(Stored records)
☆ ☆ ☆ ☆ ☆ ☆ ☆

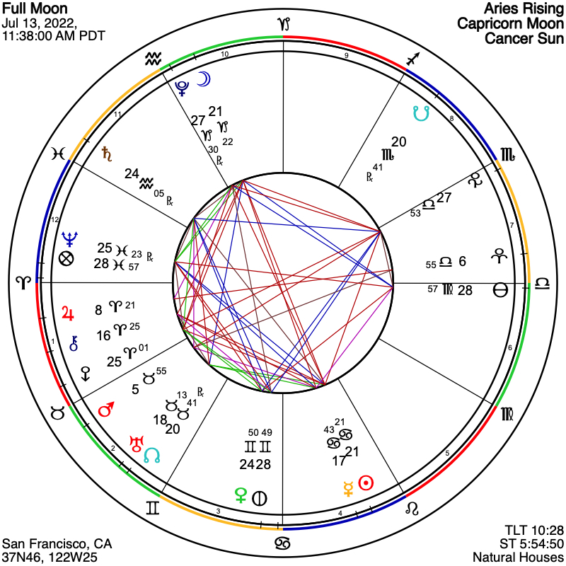 The Full Moon of Wednesday, July 13th, taking place at 11:38 am, PT, later in the day for points east, involves outer planet connections that are redolent of evolutionally change on both individual and collective levels. This is because, at 21 Capricorn, the Moon is widely conjunct transformational Pluto, plus being semi-sextile Saturn, sextile Neptune, and square Eris, which is in aspect to all three of these outer planet archetypes. Mercury is also conjunct the Sun and in close sextile to Trickster Uranus. Just as Pluto, Uranus, and Saturn were featured in the volatile 1960s, so too are they prominent now in this Full Moon, along with idealistic Neptune. We are currently entered into a period of rapid cultural change, as radically conservative elements within the global society vie with a progressive backlash against them.
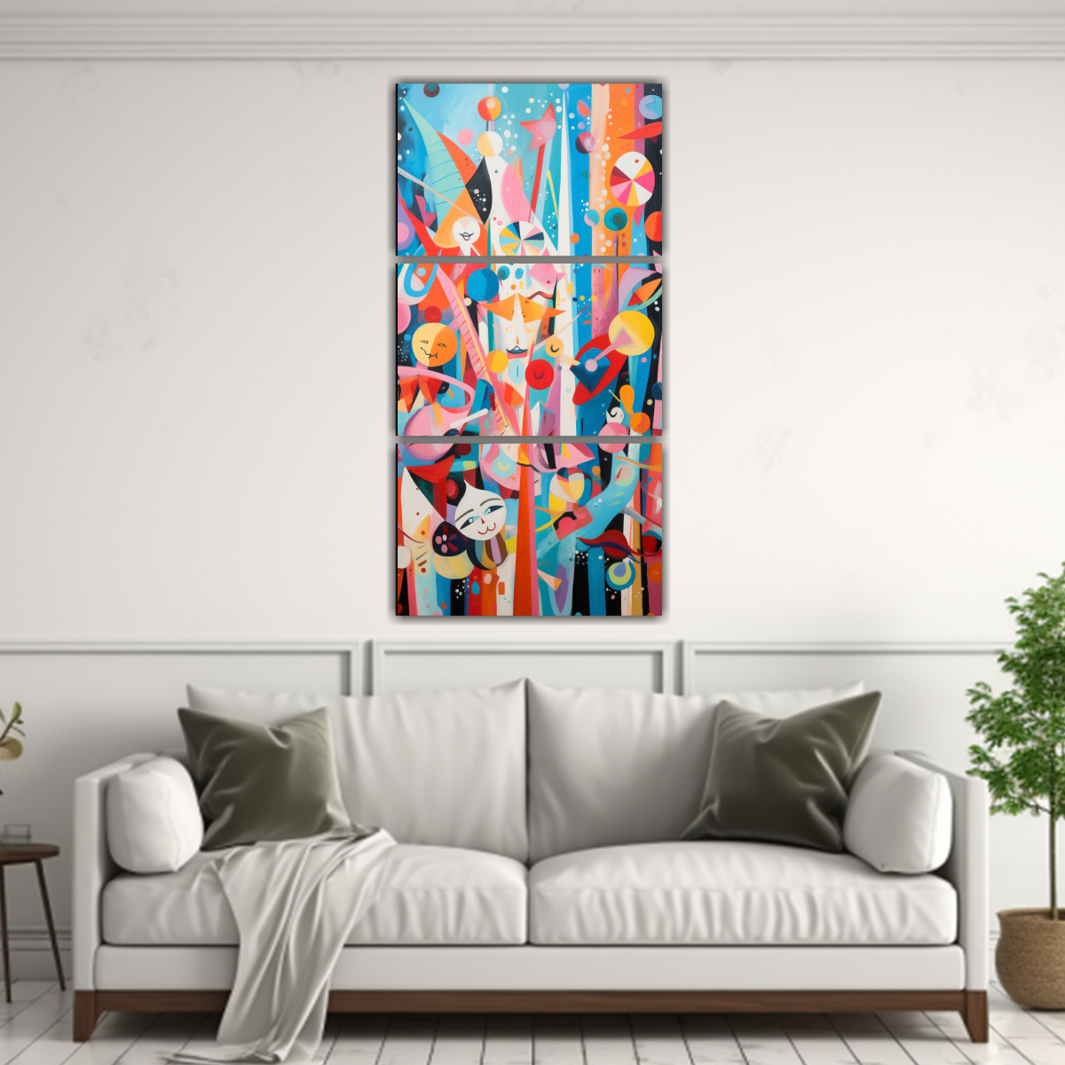 DecoCuadros te ofrece el cuadro de arte abstracto ‘Desfile de Carnaval’ con una representación moderna y colorida Añade un toque de elegancia y originalidad a tu espacio Envío gratis en Santiago y envíos rápidos a regiones
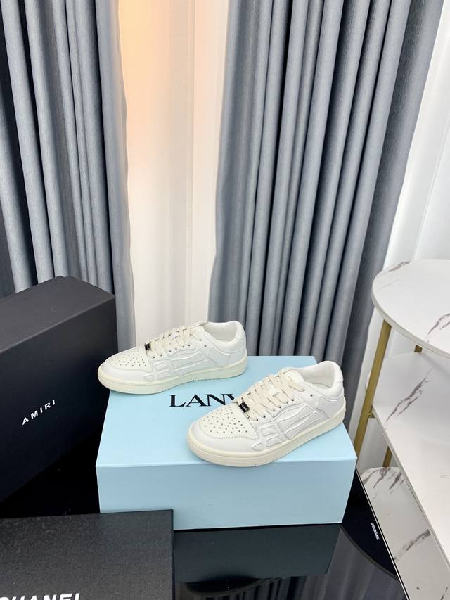 Amiri骨头鞋情侣款,日常休闲必备单品,情侣鞋 适合各种场合!Amiri骨头鞋凭借鞋侧颇具独到风格的骨头图案,充满酷感又百搭!杨幂,陈伟霆等超多明星出席节目或私底下都爱穿,王一博在综艺节目:这就是街舞多次穿着骨头鞋出镜,抢尽风头!帅气又百搭的这一款,快来一起走骨头风吧!面料优选丝绸牛皮,透气网布内里,原版橡胶大底,非硬绑绑的tpu大底,舒适耐磨!女款35--40.男款39--45.
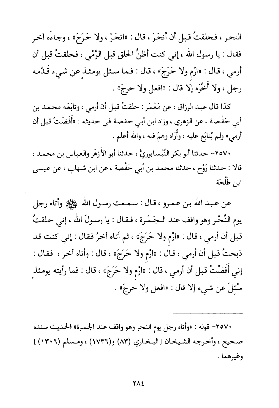 2570 - حَدَّثَنَا أَبُو بَكْرٍ النَّيْسَابُورِيُّ , ثنا أَبُو الْأَزْهَرِ , وَالْعَبَّاسُ بْنُ مُحَمَّدٍ , قَالَا: نا رَوْحٌ , نا مُحَمَّدُ بْنُ أَبِي حَفْصَةَ , عَنِ ابْنِ شِهَابٍ , عَنْ عِيسَى بْنِ طَلْحَةَ , عَنْ عَبْدِ اللَّهِ بْنِ عَمْرٍو , قَالَ: سَمِعْتُ رَسُولَ اللَّهِ صَلَّى اللهُ عَلَيْهِ وَسَلَّمَ , وَأَتَاهُ رَجُلٌ يَوْمَ النَّحْرِ وَهُوَ وَاقِفٌ عِنْدَ الْجَمْرَةِ , فَقَالَ: يَا رَسُولَ اللَّهِ إِنِّي حَلَقْتُ قَبْلَ أَنْ أَرْمِيَ , قَالَ: «§ارْمِ وَلَا حَرَجَ» , ثُمَّ أَتَاهُ آخَرُ فَقَالَ: إِنِّي كُنْتُ ذَبَحْتُ قَبْلَ أَنْ أَرْمِيَ , قَالَ: «ارْمِ وَلَا حَرَجَ» , قَالَ: وَأَتَاهُ آخَرُ فَقَالَ: إِنِّي أَفَضْتُ قَبْلَ أَنْ أَرْمِيَ , قَالَ: «ارْمِ وَلَا حَرَجَ» , قَالَ: فَمَا رَأَيْتُهُ يَوْمَئِذٍ سُئِلَ عَنْ شَيْءٍ إِلَّا قَالَ: «افْعَلْ وَلَا حَرَجَ»
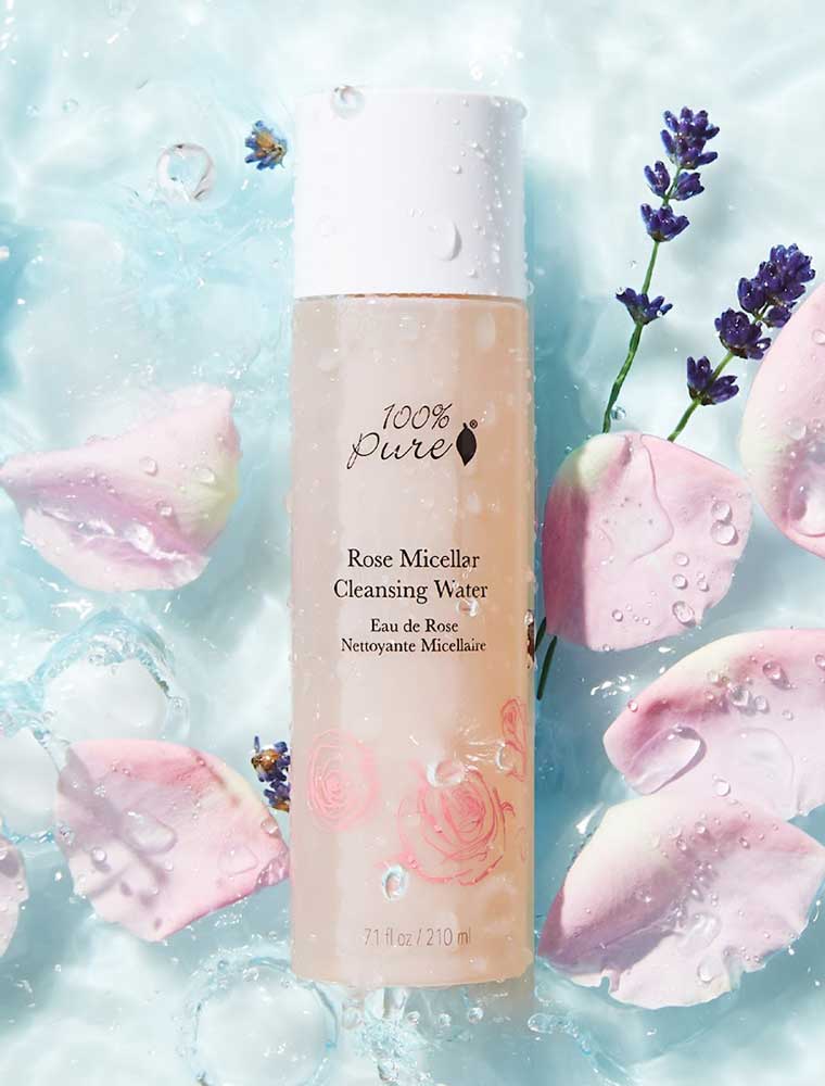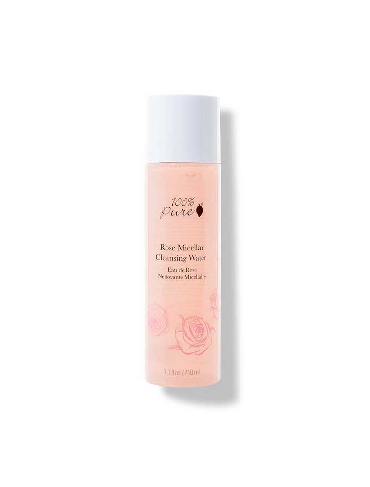 The 100% Pure Rose Micellar Cleansing Water is a natural alternative to traditional micellar waters, made with Cornflower and Rose Waters plus Vegetable Glycerin and Aloe to remove all traces of makeup (including stubborn mascara and lipstick), dirt and excess oils. Ideal for all skin types including dry, sensitive and blemish-prone. This is also the perfect first step in your double-cleansing routine by following with a milk, gel or foaming cleanser. Made in the USA and vegan.
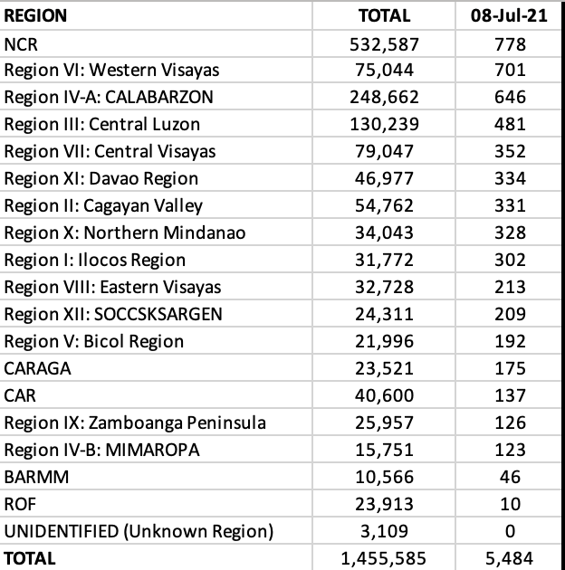 Western Visayas leads over all regions today, with cases pouring in from Iloilo and Negros Occidental provinces. NCR, CALABARZON, Davao Region and Central Visayas round up with the top five with more than 500 new cases apiece.
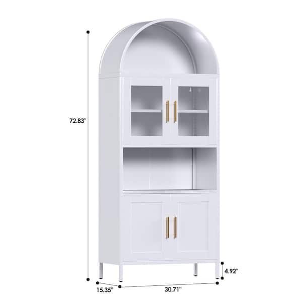 30.71 in. W x 72.83 in. H x 15.35 in. D Arched Steel Freestanding Cabinet with Adjustable Shelves for Living Room, White
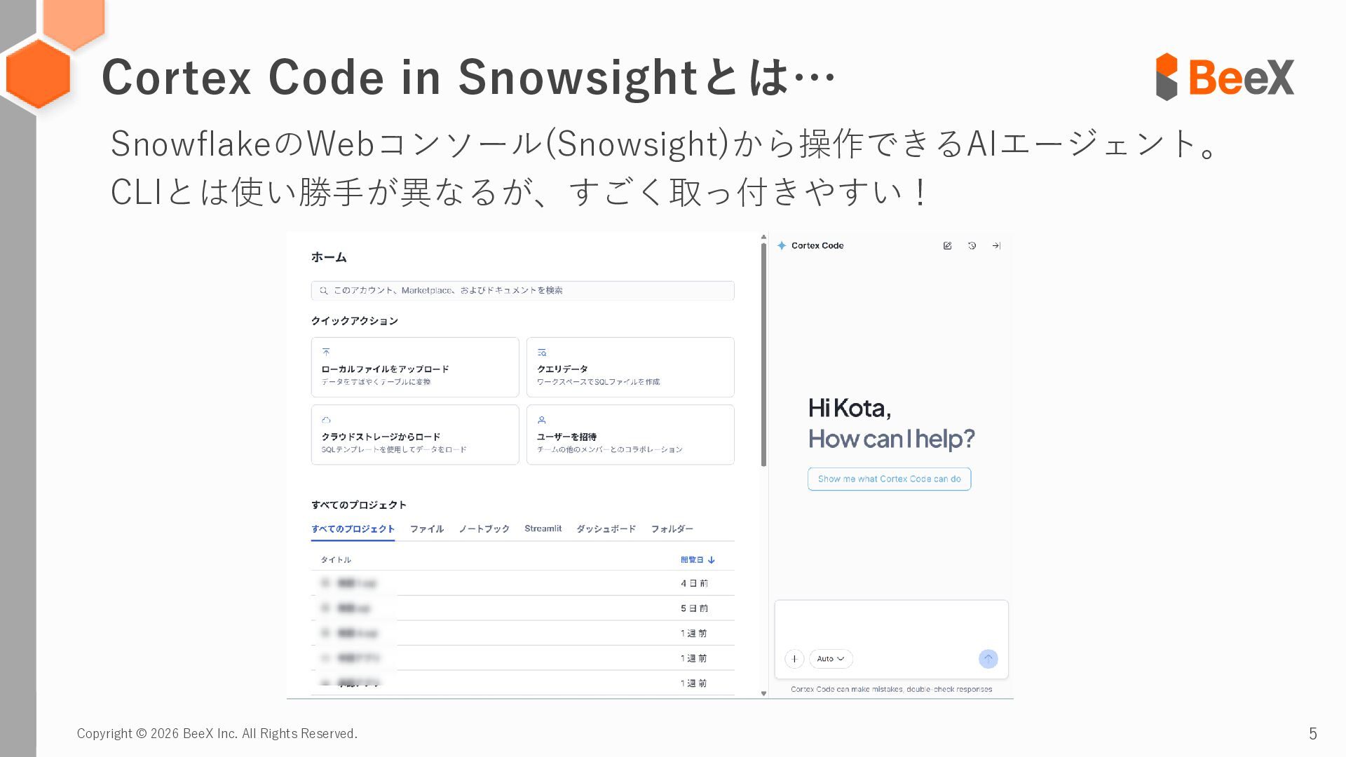5. Copyright © 2026 BeeX Inc. All Rights Reserved. 5 SnowflakeのWebコンソール(Snowsight)から操作できるAIエージェント。

☆ ☆ ☆ ☆ ☆ ☆ ☆

# Goal of the exercise
What is needed is a word-for-word restatement of the lines from the one holding "The 100% Pure" to the final line of the data above, inclusive, without any pictures.

# Solution to this problem
 The 100% Pure Rose Micellar Cleansing Water is a natural alternative to traditional micellar waters, made with Cornflower and Rose Waters plus Vegetable Glycerin and Aloe to remove all traces of makeup (including stubborn mascara and lipstick), dirt and excess oils. Ideal for all skin types including dry, sensitive and blemish-prone. This is also the perfect first step in your double-cleansing routine by following with a milk, gel or foaming cleanser. Made in the USA and vegan.
 Western Visayas leads over all regions today, with cases pouring in from Iloilo and Negros Occidental provinces. NCR, CALABARZON, Davao Region and Central Visayas round up with the top five with more than 500 new cases apiece.
 30.71 in. W x 72.83 in. H x 15.35 in. D Arched Steel Freestanding Cabinet with Adjustable Shelves for Living Room, White
5. Copyright © 2026 BeeX Inc. All Rights Reserved. 5 SnowflakeのWebコンソール(Snowsight)から操作できるAIエージェント。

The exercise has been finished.